Бобров выскочил на балкон. Он с удовольствием глотнул огромную порцию ночного воздуха. Он расстегнул почти до последней пуговицы рубашку и с наслаждением подставил своё разгорячённое потное тело под свежий, ночной и прохладный ветерок.
Вино вскружило ему голову, впереди до невообразимой дали горизонта в тёмно – сиреневой дымке плыла Москва. Огромная и жёлтая луна, похожая на сырный круг с дырочками лениво распласталась над спящим городом и бесчисленные звёзды своим мерцанием словно спорили с рубиновым отблеском соперниц на башнях Кремля. Так хотелось жить! Жить именно так, как живут хозяева этого дома, жить в таком роскошном доме и занимать такое престижное положение. Бобров, конечно, понимал, что эта роскошь для него практически недоступна. Но кто сказал, что нельзя стремиться к этому и пока у него был только единственный путь – хорошая учёба. Учёба – это свобода!
– Тебе нравится у нас? – неожиданно он услышал голос за спиной. Обернувшись, он увидел Наталью и принялся торопливо застёгивать рубашку. Немного помолчав, ответил невпопад:
– Жарко…немного…
– Да, скоро лето. Оставь…– она решительно засунула свою руку в распахнутую рубашку, почти сразу он ощутил лёгкий электрический шок от её прохладного и приятного прикосновения.
– Ну что, Сева Бобров, ведь я сегодня именинница. Ты не забыл? Ты будешь меня поздравлять или нет?
Свободной рукой она обила ему шею и, пригнув голову, крепко впилась в него губами.

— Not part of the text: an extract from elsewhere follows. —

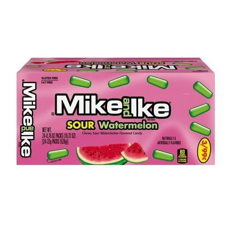 Love sour fruit chews? You ll love Sour Watermelon by Mike and Ike. Just Born a family-owned candy manufacturer has been in business since 1923. They make some of the most beloved and iconic candy brands including MIKE AND IKE Original Fruits chewy assorted fruit flavored candies which were introduced in 1940. Case Contains: 24 .78-oz. boxes Kosher Certified Parve Gluten Free Fat Free Made in the USA Follow All City Candyon Social Media: Facebook|Instagram|YouTube|Pinterest Nutrition Ingredients: Sugar corn syrup modified food starch fruit juice from concentrate (pear orange strawberry cherry lime lemon) contains less than 2% of the following: citric acid malic acid fumaric acid sodium citrate natural and artificial flavors dextrin confectioner s glaze carnauba wax medium chain triglycerides red 40 blue 1 yellow 5 (tartrazine). Ingredients and nutritional information provided by manufacturer and considered accurate at time of posting. Refer to produce labeling or contact manufacturer di

Школьный актовый зал был забит до отказа. Дело об исключении Боброва вызвало необыкновенный ажиотаж. Времена менялись на глазах, дирекция уже не могла принять единоличного решения, без учёта мнения педагогического совета, без учёта мнения школьного совета. Дирекция была категорична – исключить! В назидании остальным! Это надо же, так распускать руки, взять и при всех ударить товарища, просто так, без каких-либо объяснений и причин. После нескольких совещаний дирекции всё же удалось склонить на свою сторону большую часть педагогического совета. Скрепя сердцем, но педсовет всё-таки пообещал поддержать на общем школьном собрании решение администрации. Но неожиданно встал на дыбы Совет школьных старост. Обычно инертный и флегматичный, чаще всего ничего не решающий орган, на сей раз встал на защиту Боброва и именно благодаря школьному совету, и проводилось общее школьное собрание. Но положение Боброва всё равно было шатким. Администрация школы вместе с попечительским советом была полна решимости настоять на своём – исключить! Парочка переговоров с активом школьного совета и всё стало на свои места. Кому-то нужна была золотая медаль, кому-то направление на учёбу, кому-то просто хорошая отметка. Некому было встать на защиту Боброва, и чёрная перспектива исключения нависла над Севой Бобровым вполне реально.
Директор упорно добивался от Боброва выяснения истинных причин его проступка. Он даже попытался предложить компромисс. Бобров рассказывает на собрании, почему он ударил Сафонова, приносит ему свои извинения, а директор берётся лично уговорить Сафоновых, и младшего, и старшего пойти на мировую. Дело, к тому времени приобретало нешуточный резонанс.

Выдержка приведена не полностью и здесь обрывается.